錢炎翎大概還在窩火被她反治了一道,一綹長發垂到鼻梁,透出來的眼神很糟糕:“喜歡找死?”
簡令棠還沒反應過來,就被錢炎翎拽起身,他緊跟著覆了下來:“唔唔……”
錢炎翎啃著她的嘴,和她四目相對,心中暗爽了下。
這感覺終于對了。
那雙看似清冷如彎刀的小嘴是最軟的,紅唇微微嘟著,被他肆意地擠壓碾磨,下意識地含糊反抗,然后被他趁機吞沒,咬住舌尖拖出來吮吸。
對,就要用咬的,她知道疼了才會聽話。
錢炎翎順勢也把她撐在身后的手腕一起拿住了,邊和她接著吻邊扯下領帶,急不可耐地捆上她的手腕。

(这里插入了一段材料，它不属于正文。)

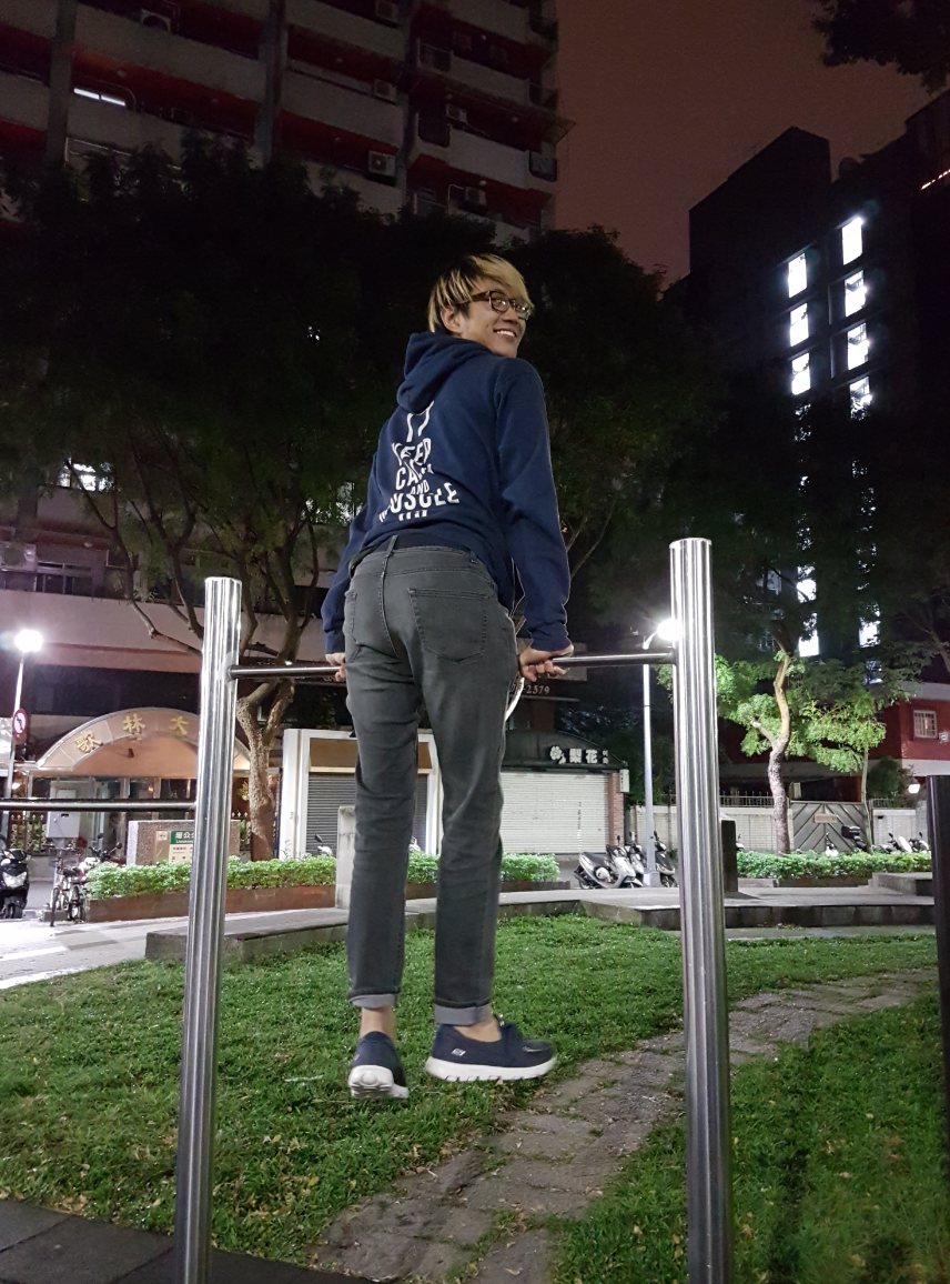 Sean's really into calisthenics; doing pull-ups and muscle ups and stuff. I'm sure you can tell from his hoodie.

女孩子氣息不如他長,他輕而易舉把簡令棠吻得嬌喘吁吁,眼里帶上一層迷茫的霧氣。
“耍老子很開心?真覺得我拿你沒辦法?”
簡令棠別開頭,急促起伏的胸部曲線綿柔,錢炎翎越看越眼熱,有點急躁地把她撈起來,低豁出去道:
“我想睡你,你開價。”
簡令棠腳下一滑,不敢相信自己聽到了什么,結果撞進了錢炎翎懷里,他順手把她提起來再次親住,不客氣地在她唇上輾轉、撕咬,好像她是一塊奶油點心,再不吃就快化掉了。
簡令棠皺起眉,他的手從她裙子底下探進去。
“算了,你晚點再說,先讓我爽下。”錢炎翎嗓子啞得不像話,說完卻愣了愣,將她裙子卷起來:“你沒穿內褲?”
絲綢般滑膩的觸感從大腿根直通向屁股,渾圓飽滿,裙子掀起來,摩托車的大燈熾亮,他明晃晃地看見女孩子雪白的陰部。
雖然她夾攏了雙腿試圖阻止他窺視,但僅有一根黑色的細絲帶卡在陰唇處,嫩逼還是幾乎一覽無余。
整個私處都不帶一根毛,陰戶肥嘟嘟呈饅頭狀,陰唇緊閉,里面藏著一道粉色的肉縫,泛著淫液的水光。
錢炎翎大腦轟地一下被點燃了,撩起那根陷進陰唇里的絲帶左右摩挲,兩瓣肉唇微微翕張地拉出銀絲。
“夾這么緊,是想要我給你松一松逼么?”
錢炎翎慢悠悠挑住那根絲帶,壓在了粉色肉縫前的肥蒂上。
簡令棠明顯顫了顫,鼻音倒吸了口氣:“別嗯……”
“計煊不會跟你在一起,但我可以幫你保住他對你的同情心,只要你用你的身體換。”
錢炎翎手上給予著她慰藉,目光凝在她身上,帶著濃濃的欲望。
簡令棠之前就和錢炎翎有過邊緣行為,騷浪的身體對男人的觸碰很敏銳,被修長的指節刮過私處,粉嫩嫩的肉縫里滴下淫水,腿都軟了。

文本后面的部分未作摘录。